They walk the kilometer to Wilbury’s arm in arm. A decent autumn night, with stars. They’ll do their best when they are seated at their corner table in the restaurant, intimate and slightly drunk, waiting for their vegetarian options to be plated and brought out, to put a brave face on their worlds, their private, inner, hidden worlds, not to express or share how anxious they are still, or why. So this Friday finishes, and Leonard’s decade finishes, at peace, an anxious, loving, troubled, transitory peace.

8

LEONARD LESSING IS FIFTY YEARS OLD AT LAST. As usual on a Saturday, he is the first to wake, but even he has slept much later than usual. It is a minute or two before nine. His stomach at once feels bloated with worry, but that is not unusual lately; this waking anxiety from dreams he cannot quite recall can last all day. He’s used to it. The first heavy thought that burdens him consciously is that he has not yet discovered any details of Lucy’s “kidnapping.” The second, troubling in its own way, is that today is his birthday and that he will be obliged to socialize. There will be plans for him. Plans and traps. A dinner party, probably. He’ll be too unsettled to entertain or be entertaining unless he tidies up his life a bit. If he’s quick he can be downstairs in time to watch the news headlines and also check his mailbox for any reply from the girl he dare not think of as anyone but Swallow. He will need to be careful not to disturb Francine. If he is heavy on the mattress or tugs the duvet too carelessly, she will wake, and then she will want him to stay where he is so that she, for once, can prepare breakfast for him in bed. She can be the waitress. He can be the guest. And then she’ll want to sit with him while he drinks his tea and opens the presents and cards she will have wrapped for him. Possibly they will make love again. High days and holidays, and anniversaries.

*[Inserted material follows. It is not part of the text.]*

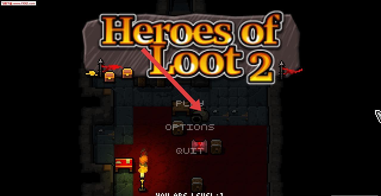 2、在標(biāo)題界面點(diǎn)擊【PLAY】,正式進(jìn)入《Heroes of Loot2》冒險(xiǎn),若需調(diào)整設(shè)置選【OPTIONS】,想退出點(diǎn)【QUIT】。
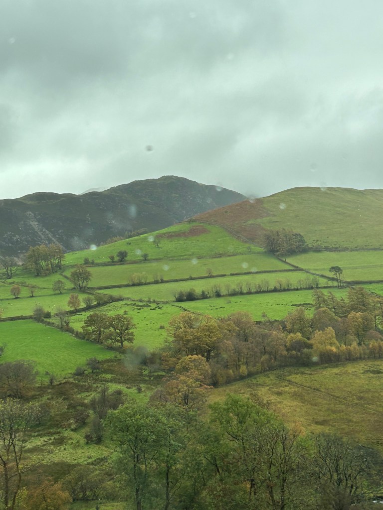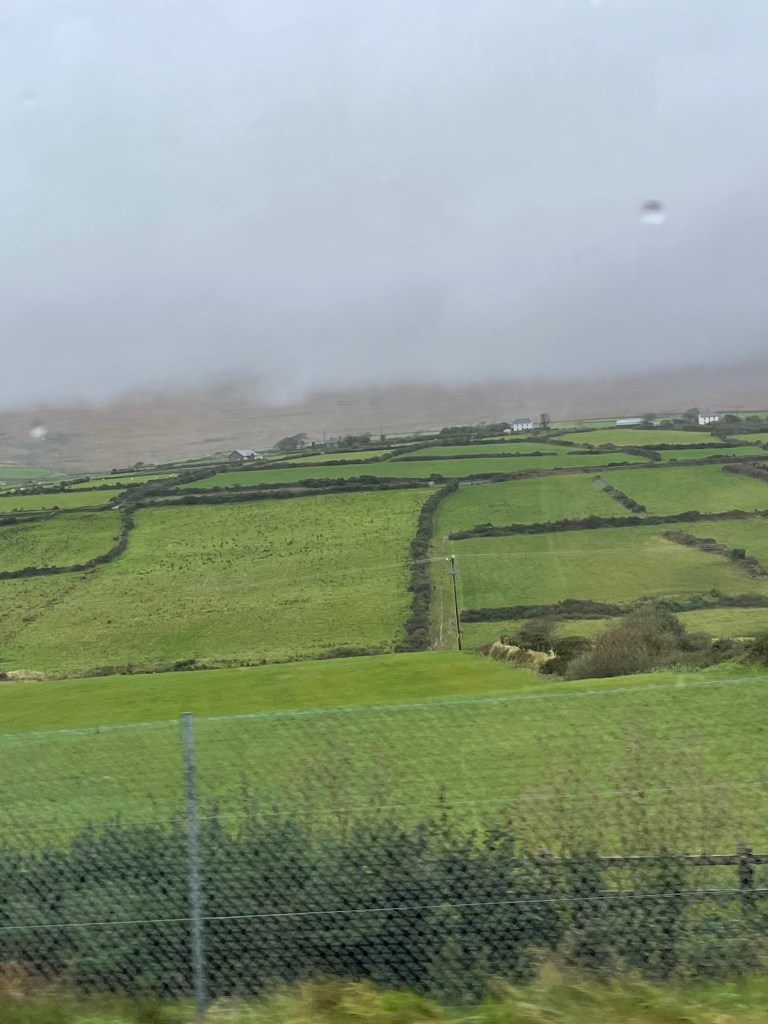Ireland is called the Emerald Isle for good reason: it rains so everything is green and there is much farmland with sheep and cattle and grain crops in the north and east. The west and south tends to be more rocky.

Leonard rolls over, transferring his weight as gently as he can, and slips quietly out of bed. The floor and air are wintry. Beyond the curtains, the sky is still dull, but the patio and garden show lustrous and satiny. The first frost of the year. But Leonard does not rummage for a sweater or a dressing gown. He steals out of the room, bare-chested and wearing only his snooza shorts, wraps a towel around his shoulders, and descends into the hall, where there are already several birthday cards waiting on the mat, together with circulars, and leaflets for a takeaway. Just at the moment when he stoops to gather them, a shadow falls across the door window. Someone rings the bell and, just for good measure, raps the knocker too. He expects it is a birthday delivery of some kind. But when he straightens with a handful of letters and leaflets and reaches for the lock handle, he sees at once through the brittled glass that there are several people standing on his porch. Large men. Instead of opening and answering, he goes into the little dressing room where he and Francine keep their bikes and coats, kneels on the floor, and pulls back one slat of the blind a centimeter or so.

Three men at least. Not anyone he knows by sight. There might be others farther along the path, hidden by the shrubbery. Certainly there’s movement. Shapes and shadows. Probably they are salesmen of some kind, cold-callers or political canvassers, or, given the numbers, some evangelical church group, and he will be required to stand on his front mat, half clothed and shivering, and account for his energy and Internet preferences, or his party and voting affiliations, or his expectations of paradise. If he stays still and out of sight for a minute or so, then surely they will take the hint and go away.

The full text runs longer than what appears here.